Functional Assay for T4 Lysozyme-Engineered G Protein-Coupled Receptors with an Ion Channel Reporter

Structural studies of G protein-coupled receptors (GPCRs) extensively use the insertion of globular soluble protein domains to facilitate their crystallization. However, when inserted in the third intracellular loop (i3 loop), the soluble protein domain disrupts their coupling to G proteins and impedes the GPCRs functional characterization by standard G protein-based assays. Therefore, activity tests of crystallization-optimized GPCRs are essentially limited to their ligand binding properties using radioligand binding assays.
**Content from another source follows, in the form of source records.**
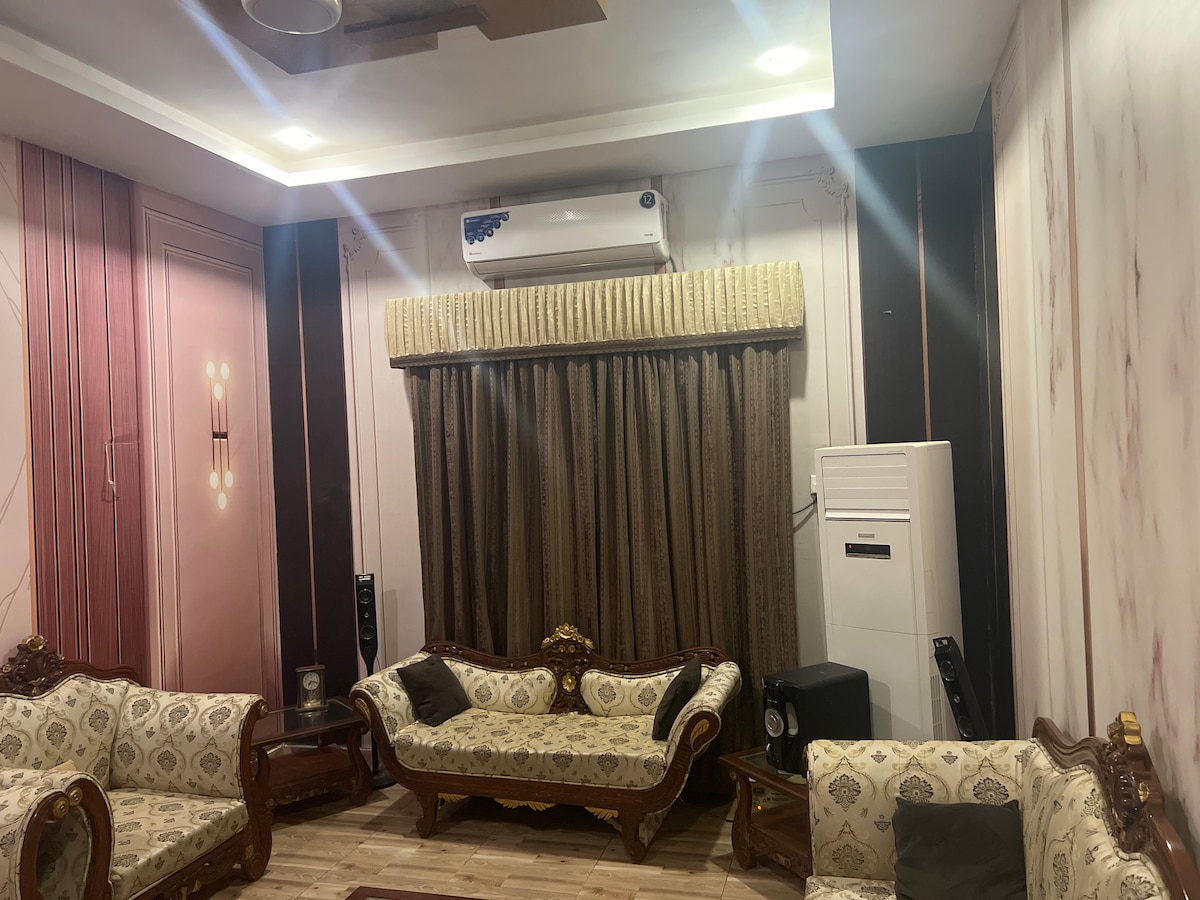 Cómoda casa privada de 1 dormitorio con baño adjunto, acogedores sofás y comedor. Ubicado en Qadir Avenue, cerca de Everest Law College Bypass, junto a Saima Downtown y cerca del restaurante Kababjees. Incluye estacionamiento, un entorno tranquilo y fácil acceso a las carreteras principales, restaurantes y necesidades diarias, ideal para parejas, familias o viajeros de negocios.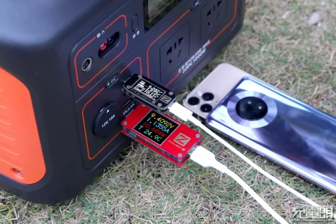 不仅仅是支持无人机充电,在户外游玩一段时间后,手机也会进入低电量模式,有电小二户外电源1000在身边无需电量问题,两台手机分别插入USB-C口和USB-A口,两台手机同时正常的充电,而且从电流表中可以看到两台手机均进入快速充电模式。使用更方便,充电时间大大缩短。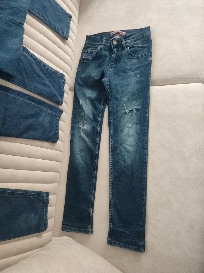9-10 yaş için regular fit, normal boyda gri-mavi tonlarında denim pantolon. Sokak tarzı için uygun, tokalı ve hafif yırtık detaylıdır. Günlük kullanıma uygundur. 4 tane erkek çocuk pantolon 3'ü çok iyi durumda 1'inin dizinde hafif deforme var . dizine amblem yapıştırışabilir fazladan koydum

Functional characterization of additional thermostabilizing mutations requires the insertion of similar mutations in the wild-type receptor to allow G protein-activation tests. We demonstrate that ion channel-coupled receptor technology is a complementary approach for a comprehensive functional characterization of crystallization-optimized GPCRs and potentially of any engineered GPCR. Ligand-induced conformational changes of the GPCRs are translated into electrical signal and detected by simple current recordings, even though binding of G proteins is sterically blocked by the added soluble protein domain. [Display omitted] •Comprehensive functional characterization of GPCR(T4L) by a fused ion channel•G protein-independent detection of agonist- and antagonist-bound states•Determination of apparent ligand affinities and efficacies on single cells•Experiments are suitable to automation using two-electrode voltage-clamp robots Crystallization of GPCRs often requires some degree of protein engineering, such as insertion of soluble protein domains in intracellular loops, which may suppress G protein binding. Niescierowicz et al. present a functional assay for the characterization of engineered GPCRs based on an ion channel reporter.